President Joe Biden and Department of Homeland Security Secretary Alejandro Mayorkas have been accused by Republicans of refusing to enforce U.S. border laws for ideological reasons.
Currently, the United States is dealing with an unprecedented influx of illegal aliens along the southern border. Despite this, Biden has refused to carry on construction of former President Donald Trump’s border wall. The wall has already received federal funding. However, Biden’s opposition to the barrier means that the materials for the wall have been left lying along the border uncompleted.
DeSantis offered to allow the resources of his own state to be used to complete the project.
“Put us in, coach. Come on, Joe, we‘ll do it,” DeSantis said. “We’ll get it done.”
“What I tell people is we have some experience in construction in Florida,” DeSantis said, noting the prevalence of serious hurricanes there.
After Hurricane Ian made landfall in Florida in September 2022, a bridge to Pine Island, Florida, and Sanibel Island, Florida, was disabled. Locals were told that the bridge—the only thing connecting the islands to the mainland—would take over six months to repair.
“Those islands would have died” if it had taken six months to repair the bridge, DeSantis told the crowd.
At the time, DeSantis offered state resources to expedite the repair of the bridge despite its not being a state-owned and maintained bridge.

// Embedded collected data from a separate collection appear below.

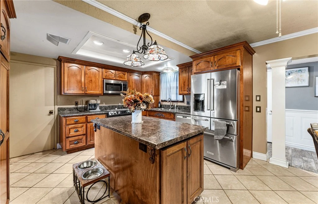Beautifully maintained 4-bedroom, 2-bathroom home ideally located in Brea within the highly desirable Fullerton Joint Union High School District, home to the prestigious Troy High School Magnet Program. This inviting residence offers a functional and spacious layout designed for comfortable everyday living. Recessed lighting enhances the bright and welcoming atmosphere throughout the home, creating a modern yet warm ambiance. Dual-pane windows provide energy efficiency while helping maintain a peaceful indoor environment. The heart of the home features a beautifully designed kitchen with solid maple cabinetry, rich wood tones, abundant storage, and a spacious center island—perfect for meal preparation and gathering. The generously sized dining area provides an ideal setting for hosting and everyday dining, while durable tile flooring adds both style and practicality. The home is equipped with a VRV dual AC system, offering efficient climate control throughout. The system is paired with a Daikin smart thermostat, providing convenient and customizable temperature management. Step outside to a beautifully landscaped front yard featuring artificial turf, delivering impressive curb appeal with minimal maintenance. Conveniently situated near local schools, this location offers excellent accessibility. Located approximately 3 miles from the Brea Mall, enjoy shopping, dining, and entertainment, along with an abundance of nearby restaurants and everyday conveniences. Additional nearby attractions and destinations enhance the overall lifestyle appeal of the home. A home that truly blends comfort, functionality, and prime location.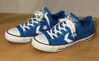 Zapatillas bajas Converse de color azul con detalles blancos. Totalmente nuevas y sin estrenar. - Diseño clásico con estrella. - Cordones blancos. - Suela de goma blanca.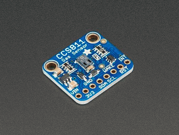Adafruit CCS811 Air Quality Sensor Breakout Board can detect a wide range of Volatile Organic Compounds (VOCs) and is intended for indoor air quality monitoring. This development board has a standard hot-plate MOX sensor, a microcontroller that reads the analog voltage, and an I2C interface to read from. The CCS811 sensor board measures equivalent calculated carbon-dioxide (eCO2) concentration within a range of 400 to 8192ppm. This board is also capable of measuring Total Volatile Organic Compound (TVOC) concentration within a range of 0 to 1187ppb. The CCS811 air quality sensor board in action can detect alcohols, aldehydes, ketones, organic acids, amines, aliphatic and aromatic hydrocarbons. This sensor board supports multiple drive modes to take a measurement every 1, 10, 60seconds, or every 250milliseconds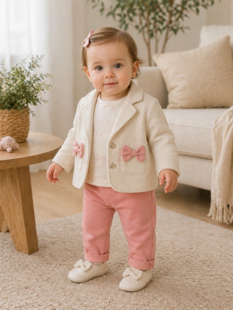 Costumas elegant pentru fetita, format din sacou texturat crem cu fundite, bluza fina si pantaloni roz confortabili. Perfect pentru evenimente, sedinte foto si iesiri speciale.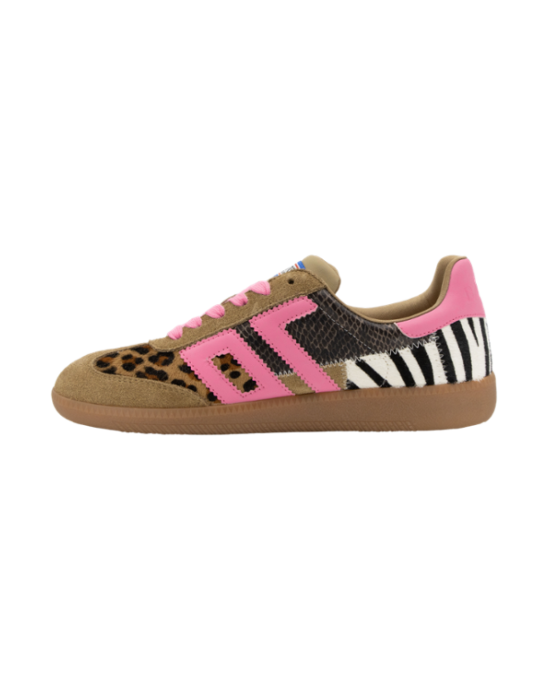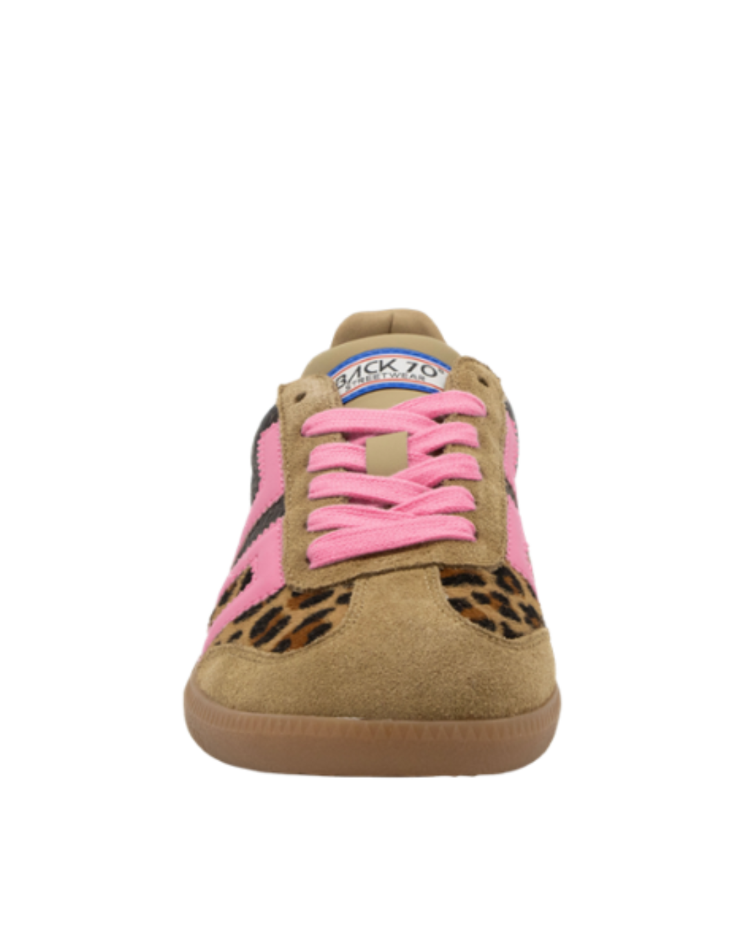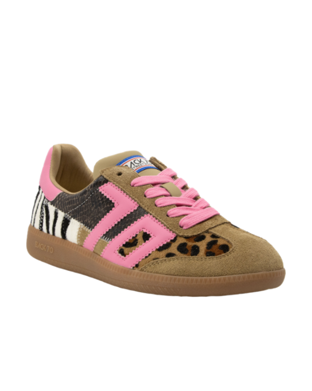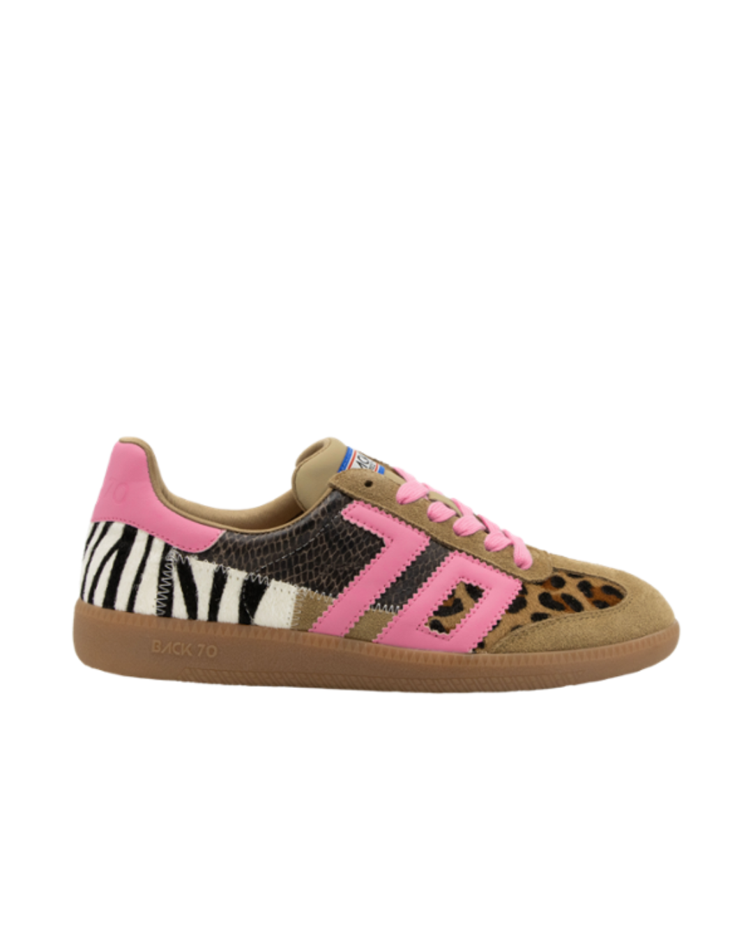 Step into bold style with the Back 70 Squid women's sneakers. Featuring a striking animal print patchwork in rich leathers and accented by the signature vintage icon in bright lipstick pink, these sneakers deliver a chic, edgy look. Stitched details and an easy lace-up closure ensure both durability and comfort. Embrace a statement piece designed to elevate your fashion moment with timeless flair.

“I got my team together. And I said, ‘Listen, I don’t want any red tape. I don’t want any bureaucracy. I don’t want any of this stuff. I just want this stuff built. So let’s start now and get it done.’ And so we took over the job for Pine Island, and they feared that they were going to be out of a bridge for six months. We rebuilt the bridge in three days,” DeSantis said to a round of applause.
“And so I just raise that—I just raise that because I am willing to send my Florida people down to the southern border to build a wall,” DeSantis said.
Construction on the wall has stalled for political rather than logistical reasons.
While the wall and the materials to build it are already financed by the federal government, Biden has refused to allow construction to recommence on the barrier. Democrats have long claimed that Trump’s proposed wall is “xenophobic,” and have opposed its construction each step of the way.
Florida would not be able to make good on DeSantis’ offer without a green light from the Biden administration, which seems unlikely to be forthcoming as Biden prepares for a potential second run for the presidency.